Where work comes from a different source, it is usual for the prospective client to undertake some sort of ‘due diligence’, this would typically involve a Google search. For six months, Google searches for Brett Wilson LLP or Brett Wilson solicitors had produced the following result within the top five listings, immediately below links to the firm’s own website:
“SOLICITORS FROM HELL – Brett Wilson LLP Solicitors …
[web address given]
Rude, intimidating and threatening. Clients should stay well away from Brett Wilson Solicitors.Have you complained about your solicitor and got nowhere?”
iv) “… the publication has been read, and will inevitably continue to be read, by a number of prospective clients considering instructing the Claimant and undertaking research on the Claimant’s reputation” (para 22 of the Particulars of Claim).

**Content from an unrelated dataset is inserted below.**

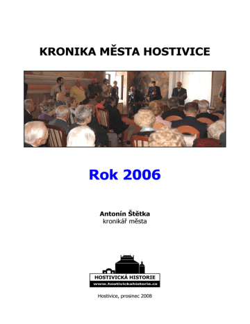 KRONIKA MĚSTA HOSTIVICE Rok 2006 Antonín Štětka kronikář města Hostivice, prosinec 2008 Kronika města Hostivice Rok 2006 2 Kronika města Hostivice – zápis za rok 2006 Pro město Hostivice zpracoval Antonín Štětka Graficky upravil, titulní obrázek doplnil a se souhlasem autora na webu Hostivické historie zveřejnil Jiří Kučera Stránky jsou upraveny pro zmenšování při tisku na formát A5 Kronika města Hostivice Rok 2006 3 Rok 2006 zaznamenal další upevňování českého státu, který se učí životu v Evropském společenství. Naše republika ležící uprostřed Evropy si zvyká na svébytné rozhodování. Tyto snahy však často narušují osobní i politická přání, vytváří se tím v mnoha lidech pocit nejistoty a narůstající obavy z budoucnosti. Proklamací k nutným ekonomickým reformám bylo podáno již dost. Po roce 1990 došlo k ohromnému přesunu majetku, byly uvedeny v život restituce soukromého vlastnictví, uskutečnily se dvě vlny privatizace státního majetku. Skutečnost potvrzuje, že tyto akce nebyly vždy právnicky ani společensky čisté, republika přišla o ohromné jmění, noví nabyvatelé získali tak nezaslouženě nepředstavitelné majetkové hodnoty. V kronikářském záznamu bude zaznamenáno, co dobrého či méně dobrého nám tento rok přinesl, jak jsme pokročili v budování svého domova, co se nám podařilo a v čem jsme zůstali na poloviční cestě. ROK 2006 VE SVĚTĚ Předností bylo, že podařilo uchovat světový mír. K životnímu klidu však stále cosi chybí. Trvá napjatá situace v soužití národů Asie, Afriky, Jižní Ameriky. Tamní obyvatelé žijí často na hranici bídy, jejich nespokojenost vytváří podmínky k různým mocenským šarvátkám a často i bratrovražedným bojům. V lednu došlo při návratu slovenského vojenského kontingentu KFOR z Kosova k letecké havárii na maďarsko-slovenském pomezí. Zahynulo 42 pasažérů, zachránil se pouze jeden voják. Ptačí chřipka hrozila už v Turecku, v únoru se vyskytla již v Itálii, Řecku, Slovinsku a Rakousku. Podnikatel Petr Kellner byl označen 10. 3. prvním Čechem, kterého americký časopis zařadil mezi nejbohatší lidi světa. Ve vězení v Haagu zemřel 11. 3. bývalý srbský prezident Slobodan Miloševič. Dne 24. 4. vraždili teroristé v Egyptě. V letovisku Dahab zabili 24 osob a dalších 60 bylo zraněno. Světové velmoci začínají mít strach z „Osy zla“ – Irák, Írán, severní Korea (KLDR). Íránský prezident Ahmadínežád vyhlásil: „… můžeme vyrobit atomovou bombu“. Při volbách v Itálii prohrál premiér Silvio Berlusconi a na svůj post rezignoval. Ve svém projevu 10. 5. prohlásil ruský prezident Putin, že silně vyzbrojená armáda je pro Rusko životně důležitá, „závody ve zbrojení nesmíme prohrát“. Dnem 22. 5. se odtrhla od Srbska republika Černá Hora. Dne 8. 6. USA dopadly a zabily hledaného teroristu č. 2 Abú Músu Zárkavího, který vedl Al-Kajdu v Iráku. Multimilionář a šéf Microsoftu Bill Gates opustil 16. 6. po třiceti létech vedení své firmy a chce se věnovat charitě. Po osmi létech vlády pravice na Slovensku vyhrála 18. 6. parlamentní volby levice, vládu sestavil sociální demokrat Robert Fico. Bahamský soud 23. 6. rozhodl, že podnikatele Viktora Koženého vydá vládě USA. Severní Korea demonstrovala světu svoji sílu, 7. 7. odpálila sedm raket, které mohou nést jaderné nálože. Dne 13. 7. zaútočila vojska Izraele na sousední Libanon, nálety měly za cíl i mezinárodní letiště v Bejrútu. Britové odhalili teroristy, kteří hrozili pumovými útoky na letadla Londýn – USA, bylo zatčeno 24 osob. Vůdce kubánských komunistů Fidel Castro neslavil svoje 81. narozeniny z důvodu zhoršení zdravotního stavu. V Maďarsku se 17. 9. Kronika města Hostivice Rok 2006 4 rozpoutaly bouře proti premiérovi Ferenci Gyurcsanymu, který přiznal, že svými činy klamal veřejnost. Pouliční boje a demonstrace pokračovaly i v říjnu. Dne 7. 10. nájemný vrah zabil ruskou novinářku Annu Politkovskou, která psala o korupci ve vládě a kritizovala proruskou čečenskou vládu. V USA začaly 7. 11. volby do amerického Kongresu. O den později, po prohře republikánů odstoupil ministr obrany USA Donald Rumsfeld a demokraté získali většinu v Senátu, po dvanácti létech ovládli i Sněmovnu reprezentantů. V Londýně 23. 11. zemřel za podivných okolností bývalý ruský agent Alexandr Litviněnko, v těle měl velké množství radioaktivního polonia. Dlouhodobé vyšetřování 14. 12. v Anglii prokázalo, že princezna Diana, narozena 1961, zemřela v roce 1997 na následky dopravní nehody, kdy řidič nepřizpůsobil rychlost jízdy vozidla. Prezident USA Bush přiznal, že válka v Iráku se dostává do spletitých situací, Spojené státy nevyhrávají a ani neprohrávají. Čas až později ukáže, jak to tedy bylo. Ani ve sportu se naše Česká republika ve světě neztratila. Již v lednu byly v italském Turínu zimní olympijské hry, kde naši lyžaři získali zlaté, stříbrné a bronzové medaile. Bronzovou medaili získali i hokejisté, kteří porazili Rusko. V sousedním Německu začal 8. 6. svátek všech příznivců fotbalu, turnaj mistrovství světa. Po olympijských medailích získala navíc 8. 3. Kateřina Neumanová stříbrný světový pohár za soutěže v ženském lyžování a 19. 3. se stal náš skokan Jakub Janda vítězem Světového poháru. Čeští hokejisté získali na květnovém mistrovství světa v lotyšské Rize stříbrné medaile, prohráli až ve finále se Švédy 0:4. V Německu začaly v červnu závěrečné boje světového mistrovství v kopané. Po 16 létech se do těchto zápolení probojoval i český tým. Tomu se však již nedařilo a ze skupiny nepostoupil. Světovým vítězem se stalo mužstvo Itálie. Česká

The claimant also believed that there had been a “noticeable drop” in the conversion of enquiries from prospective clients to instructions over the past six months. Warby J was satisfied that the pleaded allegations made out a case for the grant of injunctions against the defendants. As required by Section 12 of the Human Rights Act, the judge had to have particular regard to the effect of such an injunction on the defendant’s right to free speech. Such interference was justified by the legitimate aim of protecting the claimants reputation of the claimant against false and damaging allegations of misconduct.
I bear in mind that it is contrary to the public interest for false or misleading information to be issued on matters of this kind.
As for the remedy, the judge accepted the claim for summary relief under Section 9 of the Defamation Act 1996, which limits damages to £10,000. The procedure was invoked here in order to bring a swift end to the matter and avoid assessment proceedings which might well have been disproportionately expensive. The claimant also sought both prohibitory and mandatory injunctions, including the removal from the World Wide Web of specified webpages, and the removal from the SFHUK.com website of any metadata or search engine links which refer to the claimant as ‘solicitors from hell’ or ‘lawyers from hell’.
Although Warby J “hesitated” over these mandatory orders, given that they would impose obligations which the defendants might be unable in practice to perform, he was ultimately satisfied that these aspects of the order sought were legitimate, given the way the defendants were described and defined.
As noted at the top of this post, the injunctions appear to have been successful.